Addiction is often described as a hidden illness because of the “hush hush” attitude surrounding its diagnosis and treatment. Despite the fact that 23.5 million Americans suffer from drug or alcohol abuse, according to the National Institute on Drug Abuse, stigma still prevents many of these individuals from getting the help they need. Opioid addiction is particularly stigmatized, with prescription opioid and heroin users often going to great lengths to hide their drug abuse from friends and family. Now, opioid addiction takes center stage as ABC News has decided to feature the growing epidemic in a series of news pieces.
Opioid Epidemic – ABC News with Great Urgency. Why Now?
ABC’s decision to highlight the opioid epidemic comes in the wake of new statistics demonstrating the severe crisis our nation faces. In 2014, nearly 50,000 Americans died from drug overdoses, according to the Centers for Disease Control and Prevention. A large proportion of these deaths are due to opioids, with approximately 19,000 deaths from prescription opioid painkillers and more than 10,000 due to heroin. This number of overdose fatalities represents a significant increase from previous years. For example, eight deaths per 100,000 were due to drug overdose in 2002. By 2014, that figure had leapt 15 deaths per 100,000. This fatality rate is expected to continue to rise if stronger measures are not taken to prevent opioid overdose.

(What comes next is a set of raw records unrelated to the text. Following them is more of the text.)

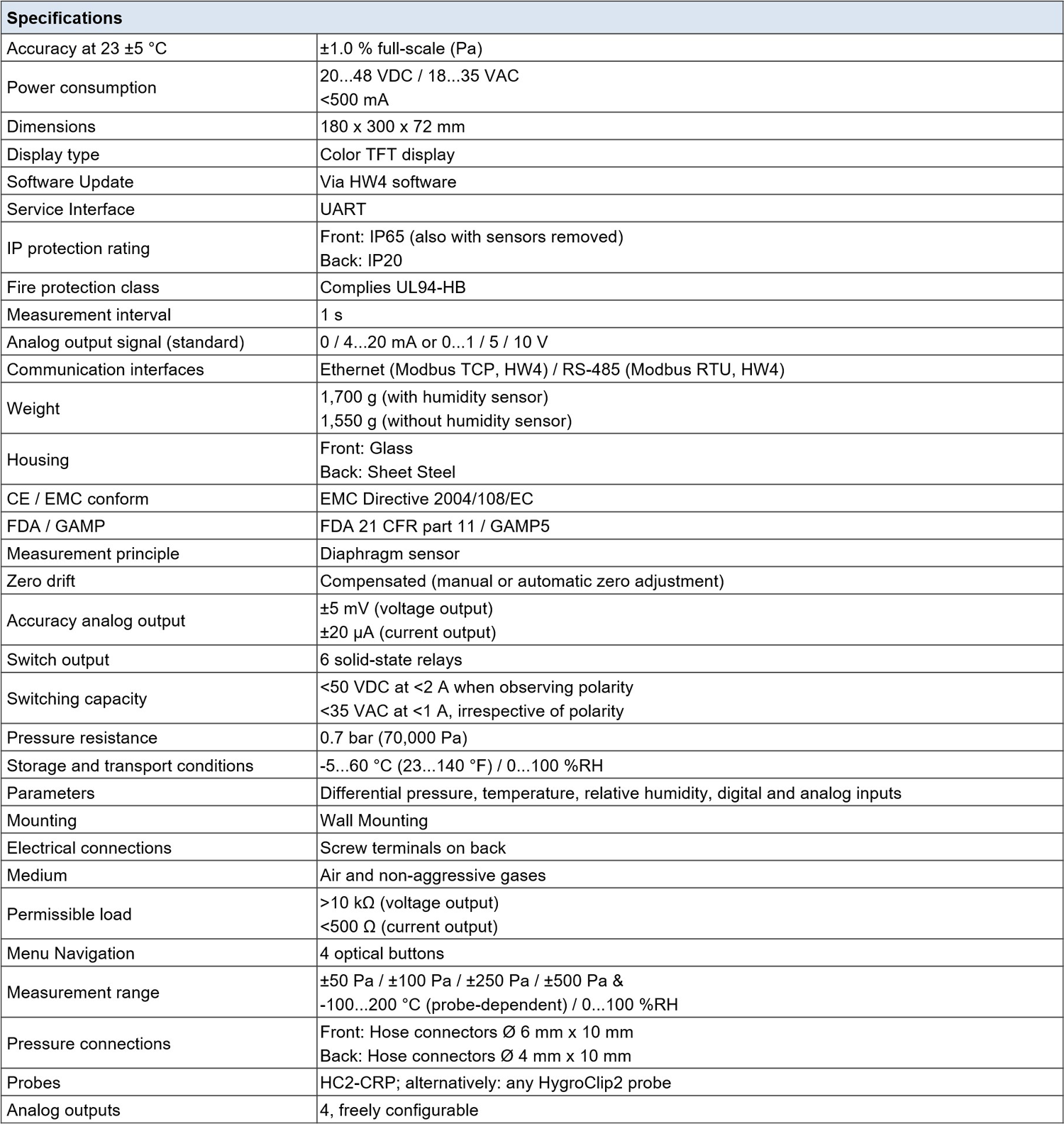 The CRP1 Clean-room Panel is characterized by its compact construction and simple handling. Its HygroClip2-compatibility allows humidity to be registered to the highest degree of accuracy. The data can be transferred via analog outputs or MODBUS. Measured values, alarms and measurement curves are shown on the display.
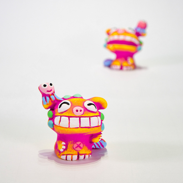 にっこり可愛らしくカラフルな色が特徴のシーサー。お部屋の中に飾れる手のひらサイズ。
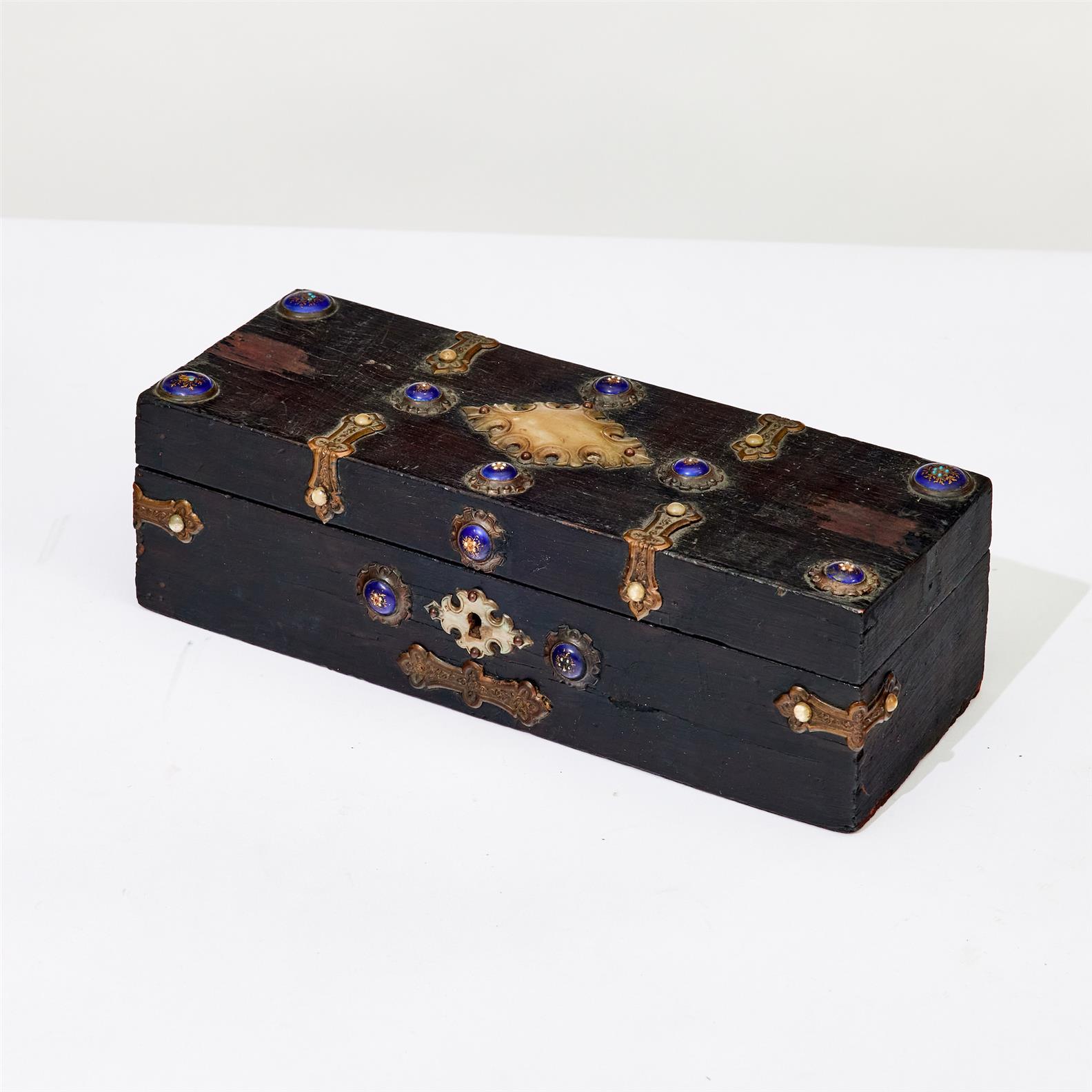 Overall wear, abrasions and nicks consistent with age and use, loss to brass mount at each end of lid, remnants of red fabric lining to interior, leather to underside of base with losses.
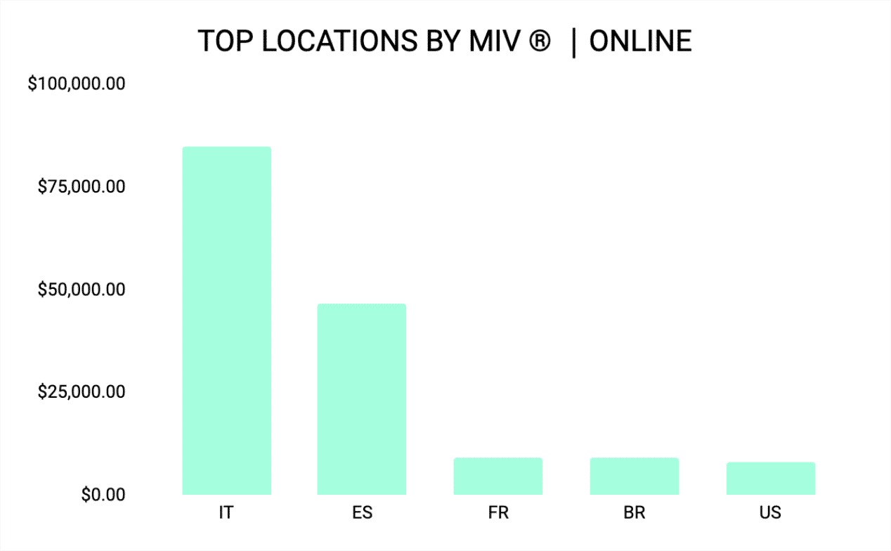 The EMEA region, particularly Italy, Spain, and France, contributed $141K to its total MIV®, while WeChat and Weibo delivered the highest global MIV® among Chinese social media channels at $25.7K and $25.1K, respectively. Instagram, though not as high-performing, is still a vital platform to target a younger and more design-savvy audience.
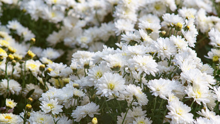 Chrysanthemum, formerly Dendranthemum white blooming'white fields of flowers to welcome winter
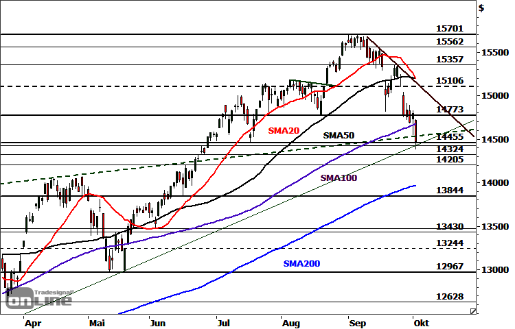 Der Nasdaq 100 setzte seinen Abverkauf vom Rekordhoch bei 15.701 Punkten in den vergangenen Handelstagen fort und markierte im gestrigen Handel ein 4-Monats-Tief bei 14.385 Punkten.
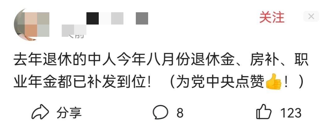 还有江苏的一位2020年的退休中人,今年八月份的养老金,职业年金,还有房补已经补发到位。其实,江苏也是全国最早一批兑现中人的养老金的地方,所以进展一直是领先的。

These trends in overdose deaths are consistent with the rise in addiction to opioids over the past few decades. Now, an estimated 2.1 million people have a substance use disorder related to prescription opioids, while 467,000 are addicted to heroin, reports the National Institute on Drug Abuse. Despite this, only a fraction of these individuals have access to effective opioid addiction treatment that can help them overcome opioid dependence.
Faced with these alarming statistics, ABC News decided to highlight an issue that has too often been relegated to the shadows. The flagship product of ABC News’ coverage of the opioid epidemic is a special report entitled “Breaking Point: Heroin in America.” In this report, David Muir, anchor for ABC News’ “World News Tonight” and co-anchor of 20/20, takes a close look at the heroin epidemic that has been unfolding over the past few decades. Unlike other drugs of abuse, heroin has gained a reputation as a drug of poverty and criminal behavior. In his special report, David Muir draws attention to the broad swath of the population that struggles with heroin addiction, overturning popular stereotypes about drug use in the United States.

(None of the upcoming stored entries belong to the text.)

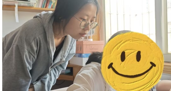 有志愿者询问家长后了解到小朋友在数学计算方面容易出错。针对这一情况,志愿者引导小朋友对较难的公式采用打草稿的方式进行计算。在志愿者的耐心辅导下,小朋友计算的正确率大幅提高。
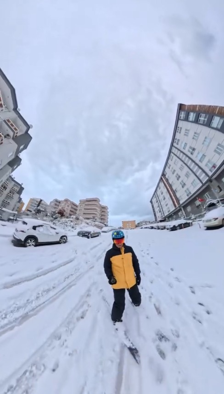 Nilüfer Belediyesi Temizlik İşleri Müdürlüğü personeli kar yağışını halay çekerek kutlarken, Mudanya ilçesinde bir kayaksever, sokakta kayak yapmanın keyfini çıkardı.
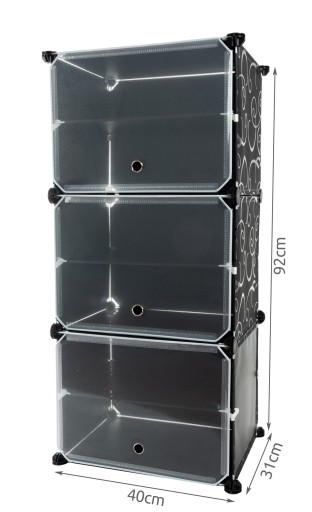 - SPECYFIKACJA – w zestawie 3 moduły; możliwość złożenia według własnej koncepcji: tak; materiał: tworzywo sztuczne; 6 półek: tak; otwierane drzwi: tak; metalowy stelaż: tak; wymiary (wys/szer/gł):92/40/31cm; waga: 3kg; waga w opakowaniu: 3,5kg.
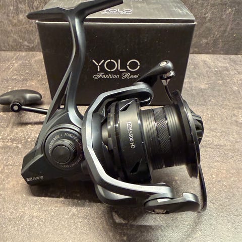Diverse fiskeutstyr i original emballasje uåpnede pakker.
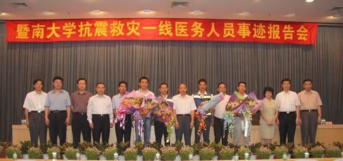 6月5日下午2:30,由暨南大学党委宣传部、党办•组织部、校行评办主办的暨南大学抗震救灾一线医务人员事迹报告会在曾宪梓科学馆国际会议厅举行。暨南大学附属第一医院参加汶川一线抗震救灾的林永新、刘宁医生作事迹报告,附属第一医院黄力院长汇报医院参加抗震救灾的情况。校领导蒋述卓、贾益民、陆大祥、纪宗安、叶勤以及参加一线抗震救灾的陈祖辉、赖睿佳、曾来针、李斌与学校各机关部处、直属单位400余名师生代表参加了报告会。报告会由贾益民副校长主持,蒋述卓书记作总结发言。报告会同时在网上视频直播。会议前,全场为四川汶川遇难同胞默哀一分钟。
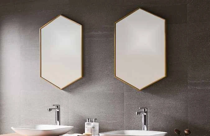 Brushed Brass 500 x 750mm Docklands Hexagonal Bathroom Mirror
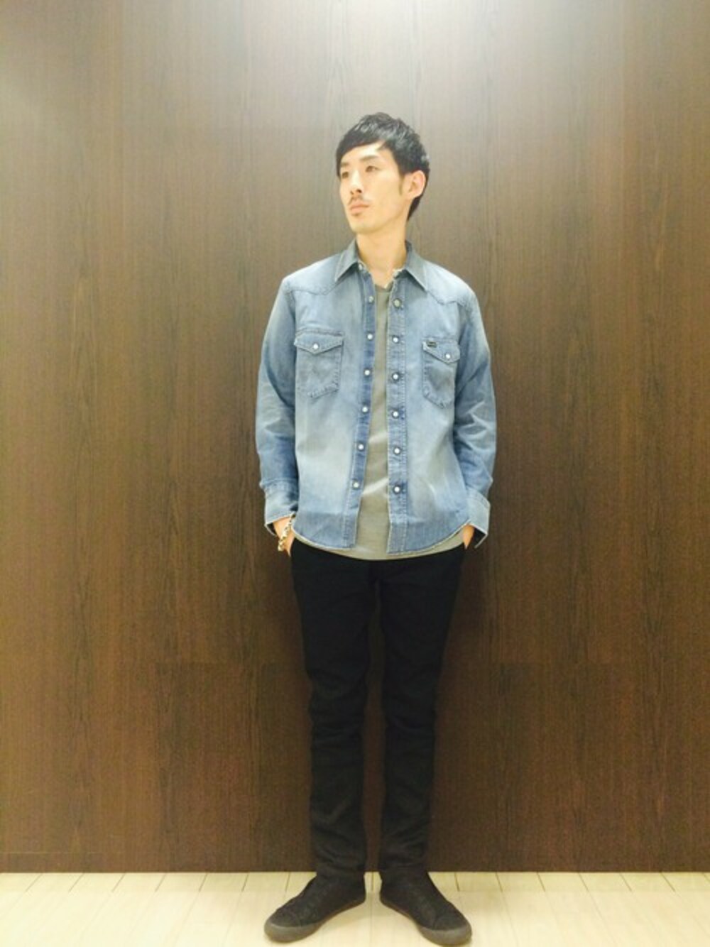 本格的にあつくなってきたので、夏といえばdenim。 ラングラーとコラボしたシャツをメインにコーデ。 海に行く時なんかはショーツなどで合わせたいですね!

Highlighting Individual Narratives Sheds Light on Heroin Addiction
One of the major issues facing policy makers trying to tackle the opioid epidemic in the United States is that a segment of the population opposes government efforts to intervene. Scientific evidence suggests that addiction has a genetic component as well as a behavioral component. Furthermore, long-term use of drugs of abuse alters brain pathways responsible for processing information about reward, making it more likely that people will continue using the drugs.
Despite this, some people feel that heroin addiction is a result of poor willpower or weakness on the part of the addicted individual. The ABC News pieces are a step toward putting a face to this opioid crisis, humanizing those who suffer from this disease. By highlighting the stories of people struggling with addiction, ABC News is working to raise awareness of the importance of opioid dependence in our country.

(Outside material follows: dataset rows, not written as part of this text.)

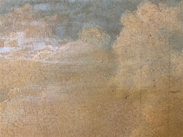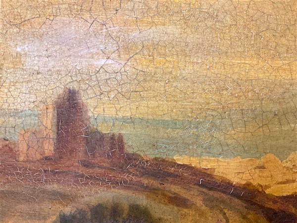 Ignoto, dipinto raffigurante figure in un paesaggio, olio su tela (cm 88x120) i
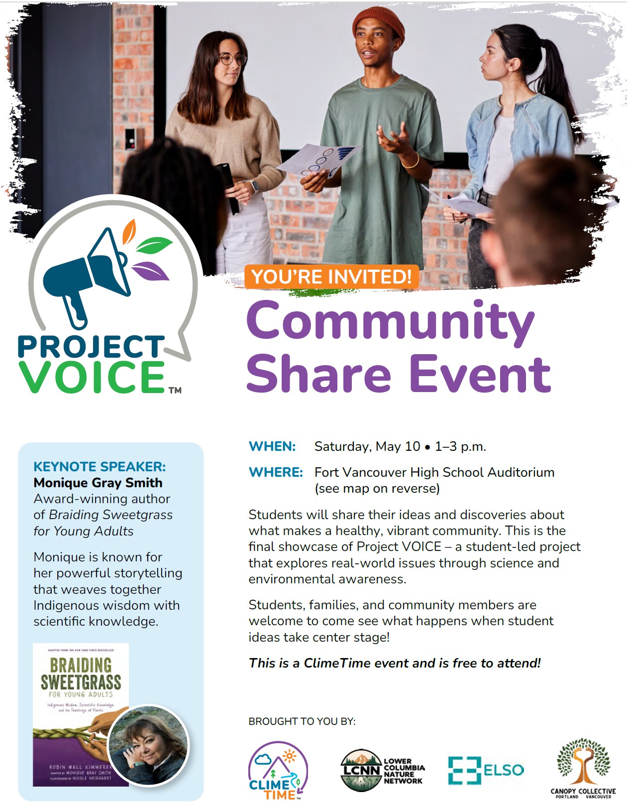 ProjectVOICE presents a free Community Share Event from 1 to 3 p.m. May 10 at Fort Vancouver High School Center for International Studies, 5700 E. 18th St., Vancouver. Students will share their ideas and discoveries about what makes a healthy, vibrant community. This is the final showcase of a student-led project that explores real-world issues through science and environmental awareness. The keynote speaker is Monique Gray Smith, author of “Braiding Sweetgrass for Young Adults,” sponsored by the Portland-Vancouver Canopy Collective. Regional partners from the Lower Columbia Nature Network will be on hand to help people connect to nature through stewardship opportunities, workshops, training and nature adventures.
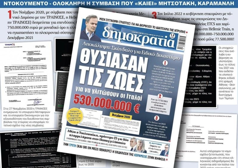 Η «δημοκρατία» έφερε τη Δευτέρα στο φως για πρώτη φορά τα ατράνταχτα ντοκουμέντα που αποδεικνύουν το ξεδιάντροπο αλισβερίσι μεταξύ της ελληνικής κυβέρνησης και των Ιταλών, δήθεν επενδυτών, της Hellenic Train.
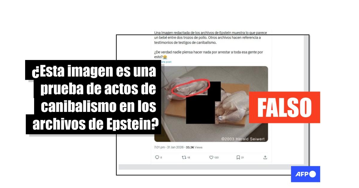 El Departamento de Justicia de Estados Unidos (DoJ) publicó más de tres millones de documentos relacionados con el delincuente sexual Jeffrey Epstein, el 30 de enero de 2026. Desde entonces, una imagen de un supuesto bebé entre trozos de pollo, publicada por el DoJ, fue compartida más de 1.500 veces junto a la afirmación de que prueban actos de canibalismo por parte del fallecido empresario. Sin embargo, se trata de un montaje creado por un fotógrafo para un concurso de una asociación vegetariana.
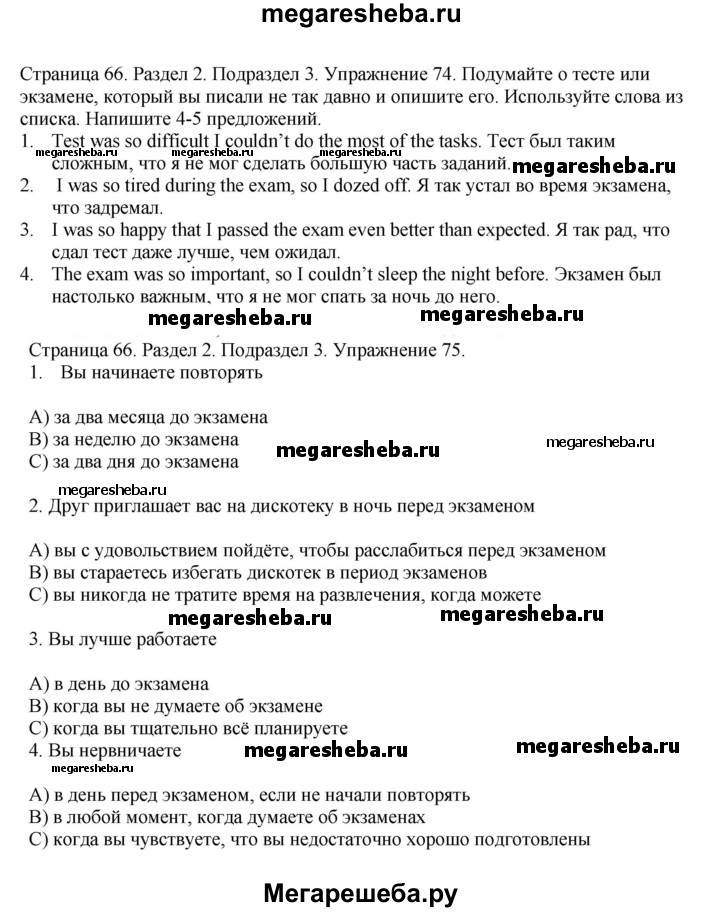 ГДЗ по английскому языку 11 класс Биболетова Enjoy English страница - 66
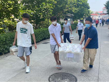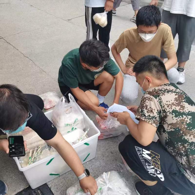 在保障学院日常保障教学科研等工作平稳运行的同时,以党支部为单位,组织成立四个教工返校保供志愿服务队,带领学生志愿者团队共同战“疫”。共有26名党员、民主党派以及群众身份教职工与学生志愿者共同为三个片区413名静默学生开展保供工作。师生们积极参与送餐各项环节,匹配名单、搬运餐盒、分配到各宿舍,并在送餐过程中了解学生思想动态,保证学生身心健康,共同筑牢疫情防控铜墙铁壁。学生们见到老师们送餐也都感动不已,纷纷表示感受到了家的温暖,一定坚定信心,严格遵守学校好疫情防控要求,不辜负学校和老师的期望。
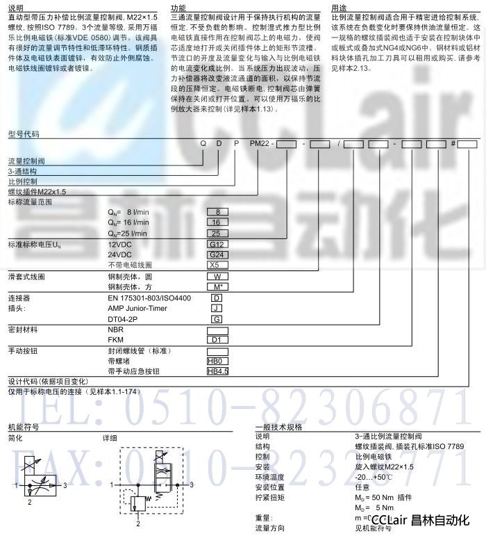 QDPPM22,插装式比例3-通流量控制阀(滑套式线圈)

Particularly encouraging is that local ABC affiliates are also reporting on this issue. For example, KABC, a news affiliate in Los Angeles, has highlighted a support group working to help families affected by addiction. To date, the support group has assisted thousands of families cope with substance abuse and help loved ones get heroin treatment.
Another ABC affiliate in New Haven, Connecticut, told the story of opiate addicts who must travel more than 100 miles to receive medical rehab treatment. Opioid addiction treatment such as medical detox is an effective way to help patients overcome opioid dependence. Despite this, very few patients have access to these lifesaving treatments. With ongoing coverage from ABC News, addiction experts hope that may change.